Die Kirche ist mit ihrer Personalpolitik Vorbild für den Arbeitsmarkt

Mit 66 Jahren

Wenn in Wirtschaft und Politik die meisten beruflichen Karrieren enden, nehmen sie in der katholischen Kirche nicht selten erst richtig Fahrt auf. Die Berufung des 66-jähirgen Konrad Zdarsa zum neuen Augsburger Bischof zeigt: Der Vatikan setzt auf die Erfahrung seines Personals, gleichzeitig rücken Junge nach. Vorbildlich, meinen Experten.

Autor/in:
Michael Borgers
 (DR)

Als Joseph Kardinal Ratzinger 2005 Papst Benedikt XVI. wurde, sprachen nicht Wenige von einer "Übergangslösung", der Deutsche war gerade 78 geworden. Gut fünf Jahre später ist er noch immer im Amt. In der Zeit wurde er für Manches kritisiert - sein Alter jedoch spielte dabei nie eine Rolle. Inzwischen ist Benedikt der dienstälteste deutsche Pontifex der Geschichte.

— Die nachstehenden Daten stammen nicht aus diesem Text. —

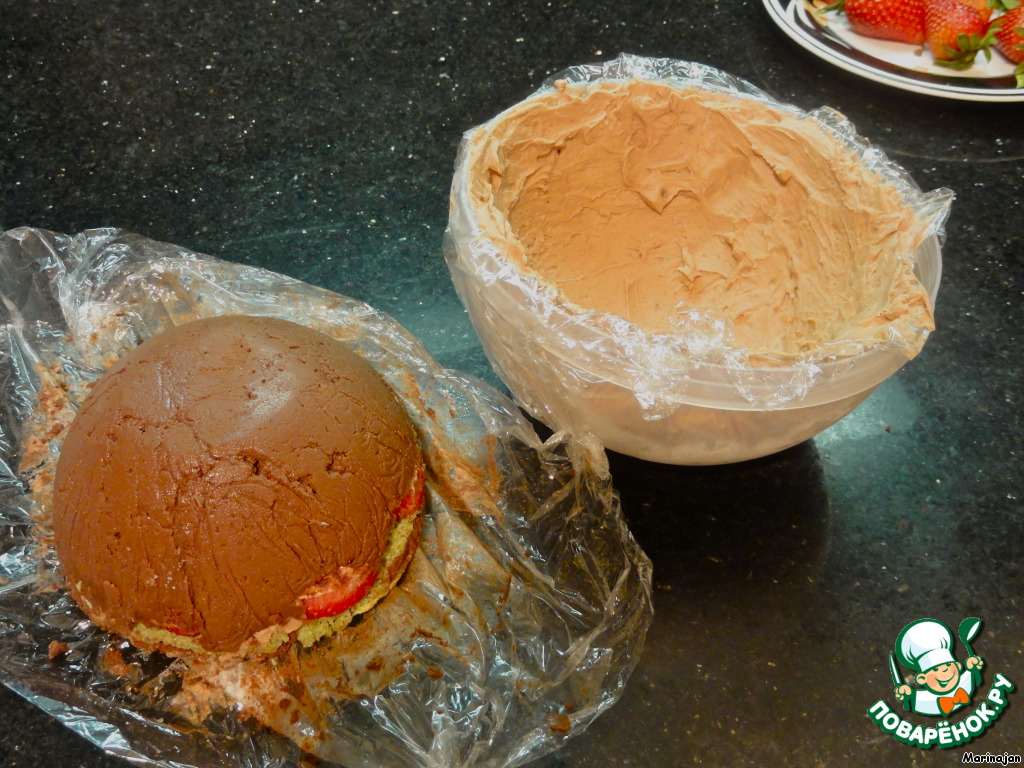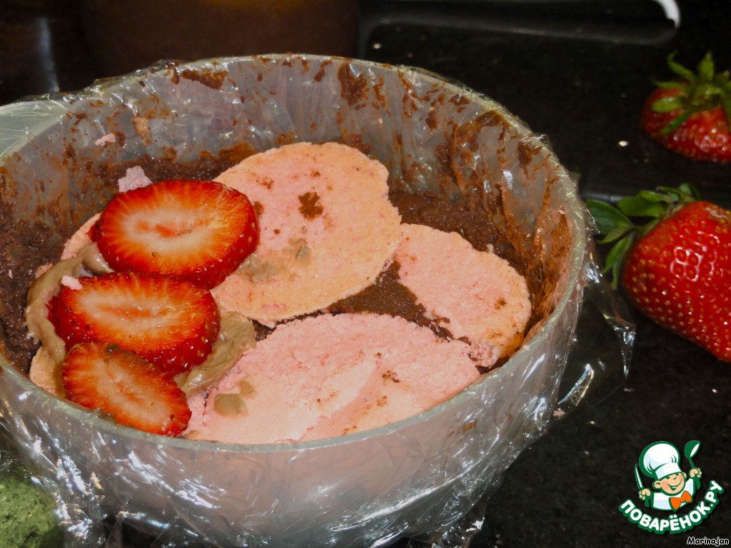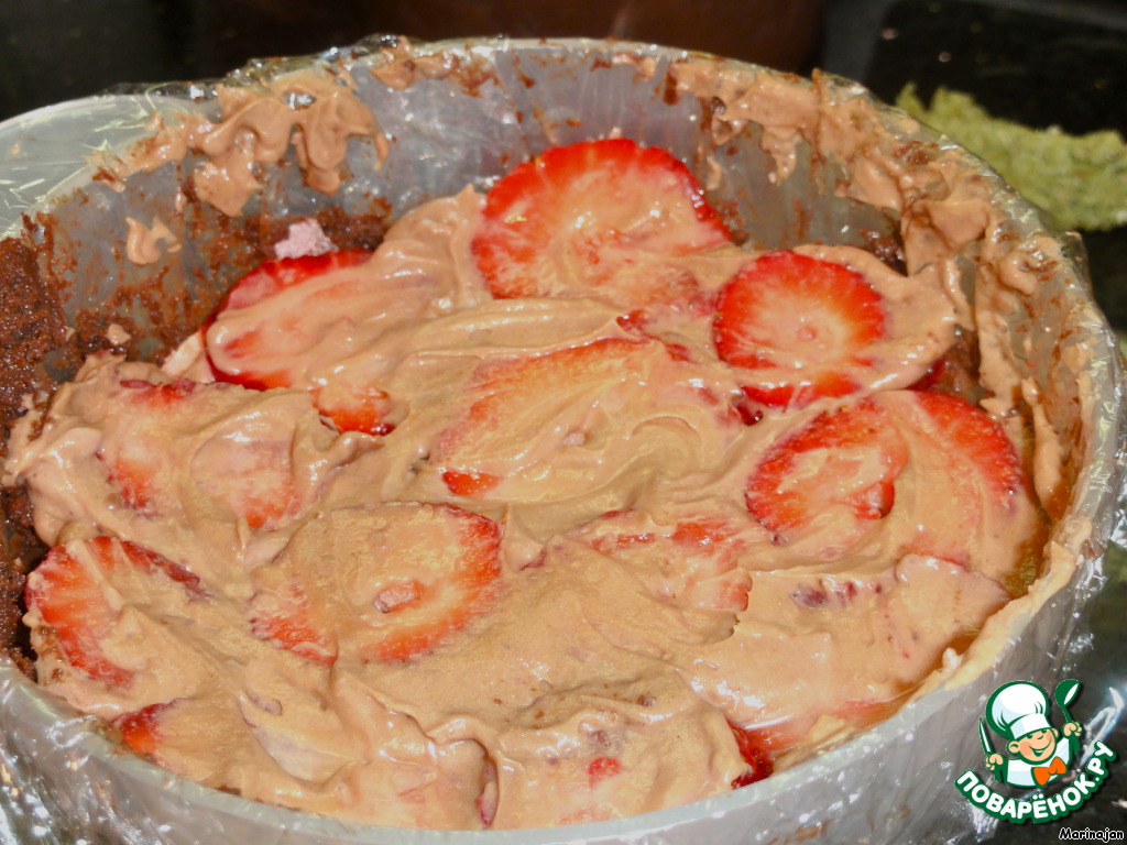 Следующим слоем идет клубника (ее в описании рецепта нет, можете не класть), но она придала свой аромат. -

Mit seiner Entscheidung, dem Oberhirten des kleinsten Bistums Görlitz nun mit Augsburg eines der größten anzuvertrauen, überrascht nicht. Mit 66 Jahren ist Bischof Konrad Zdarsa im besten Alter für einen Kirchenmann. Und es muss nicht sein letzter Posten sein. Zum Beispiel Walter Kasper: Der gerade emeritierte Kurienkardinal war genauso alt, als ihn Papst Johannes Paul II. 1999 nach Rom holte. Gerade ist der Deutsche mit 77 Jahren in den Ruhestand gegangen. "Um das Alter herum dürfen auch Kardinäle in Pension gehen", kommentierte Kasper schmunzelnd.

Vorbild für den Arbeitsmarkt?
Für den Alterswissenschaftler Marcel Temme ist der Weg der Kirche, ihr Personal einzusetzen, der richtige. Erst seitdem die Rente mit 67 eingeführt wurde, hätten viele Unternehmen der freien Wirtschaft damit begonnen, sich mit dem demographischen Wandel auseinanderzusetzen. Der Wissenschaftler beobachtet für das Dortmunder Forschungsinstitut "prospektiv" die Entwicklungen auf dem Arbeitsmarkt für die Älteren. Und genau hier komme in den kommenden 20 Jahren noch Einiges auf die Unternehmen zu, sagt Temme im Interview mit domradio.de voraus.

Die Altersstruktur werde sich weiter ändern, die Generation 50plus weiter wachsen. Bislang hätten sich die Arbeitgeber zu wenig mit dieser Entwicklung beschäftigt, noch wären vielerorts die Arbeitsbedingungen nicht altersgerecht. Kann die Kirche hier Vorbild sein? Was den Umgang mit dem Potential des Alters angeht, "ja", sagt Temme. "Es ist positiv, dass die Älteren hier noch als leistungsfähig anerkannt werden."

Die Mischung macht's
"Die Kirche braucht beides, die Erfahrung der Älteren und den Elan der Jüngeren", sagte Franz-Peter Tebartz-van Elst, als er 2007 Bischof von Limburg wurde - und damit gleichzeitig damals zum jüngsten Bischof Deutschlands - mit 48 Jahren. Noch zwei Jahre jünger war Stephan Ackermann, als er vor einem Jahr das Bistum Trier übernahm.

Johannes Paul II., der Vorgänger Benedikts auf dem Petrusstuhl, war übrigens der jüngste Papst seit Pius IX. - der mit dem längsten historisch nachweisbaren Pontifikat in der Geschichte der römisch-katholischen Kirche. Johannes Paul II. folgt ihm in dieser Liste auf Rang zwei mit 26 Jahren. Karriere in Jugend und Alter, Erfahrung und Kontinuität - die Kirche schöpft die Möglichkeiten aus.